When you awaken in the hospital three days later, the doctors say there is nothing they can do, and when they provide a mirror you see skin purple as a bruise, eyes nothing but iris, and thin translucent wings that itch where they join the flesh of your back. If you had listened while they were scanning your credit card, you would have heard that there is a reason you shouldn’t use flash photography, that the way this species reproduces is quite special, and that if you are not careful, one day soon you will join your brothers and sisters behind the barrier, to be gawked at and trivialized.

5. matryoshka

Sergei, the last of the
matryoshka
masters, sat in his workshop, putting paint to his final masterpiece. He was the only artisan left in the world to craft his embedded dolls by hand, and after this one, he would retire. The post-Singularity world no longer made sense for him, where anyone could create anything by the slightest whim; art was no longer valued except as a curiosity. Things had no permanence when matter was manipulated at the nano-level.

Sergei’s grandson Nikolai burst through the front door of the workshop, audibly surrounded by a cacophony of sound, of a dozen different musical pieces being played simultaneously. Nikolai stomped over to the almost-finished
matryoshka
doll, rolled his eyes and exhaled.

“Aren’t you done yet?”

“Patience,” Sergei yelled to be heard over the din. “It is something you never had. Great art requires patience.”

“Not anymore,” Nikolai said. He stabbed a finger into the still wet paint, then licked it off slowly. “The days of toiling over art are over, Grandfather. Just this past month, I’ve created four new symphonies, all brilliant.”

Sergei looked up slightly. “How have you done this?”

“Brainbox upgrade.”

Sergei shook his head. “Your generation has no soul.”

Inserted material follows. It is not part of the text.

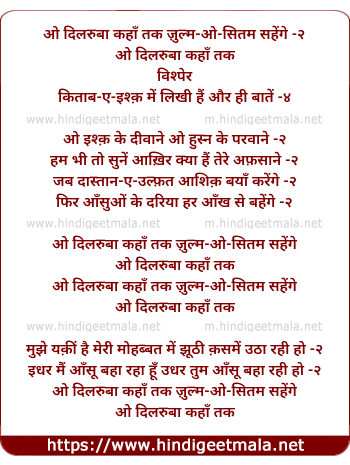 Lyrics of O Dilaruba Kaha Tak Zulm O Sitam Sahenge - ओ दिलरुबा कहाँ तक ज़ुल्म ओ सितम सहेंगे

“Maybe,” Nikolai said, “but your generation never did anything with theirs. What’s worse: not having a soul, or having one and wasting it?”

Sergei turned back to his work and smoothed out the paint that Nikolai had disturbed.

“I’ll be back in the morning,” Nikolai said, stomping back out the door. “Have this shit ready by then. I have ten other deliveries, and I don’t want yours making me late.”

The door slammed and Sergei was alone in silence again with his creation. He would finish his last
matryoshka
doll, hand it over to the Mexicali Museum of Static Art, then find a sparsely-inhabited island in the Mediterranean, and live out the rest of his days in peace, hoping that someone somewhere would find value in his vision.

One last brushstroke to the outer shell of the doll, then a fine mist of anti-deconstructing lacquer, then his name laser-etched to the underside. He knew that his art would not be appreciated like it would have been had he been born even fifty years earlier, but he still took pride in his work. He boxed up the three-foot doll, left it on his porch for Nikolai to pick up in the morning, then turned out the light to his workshop, and went home.

Don’t Blink

“New to the building?” the well-dressed man asked in a reedy voice. He had been waiting at the elevator as Winston approached.

Winston awkwardly shifted the box in his hands and said, “Yeah. My wife and I just moved in this afternoon. Last box.”

“Very good, very good,” the man said, brushing a hand through his bright orange Einsteinian hairdo. He seemed to be in his early-forties, sharp jawline, thin lips. When the man smiled, the corners of his mouth pulled back almost to his ears. “Name’s Lucas Ettins. I’m up on ninth.”

“Winston Brown. We’re on seventh.”

“Well then,” Lucas leaned in conspiratorially, “I shall have to drop by sometime.”

The elevator dinged and the doors opened. Lucas stepped inside, and Winston followed, putting the box down as the doors closed again. He stood up and winced; it felt as if every muscle in his arms and back had been stretched in a taffy puller. A large keyhole over the button for the ninth floor—presumably the penthouse—glinted in the washed out fluorescent light. Lucas pressed the button for seven and they started up.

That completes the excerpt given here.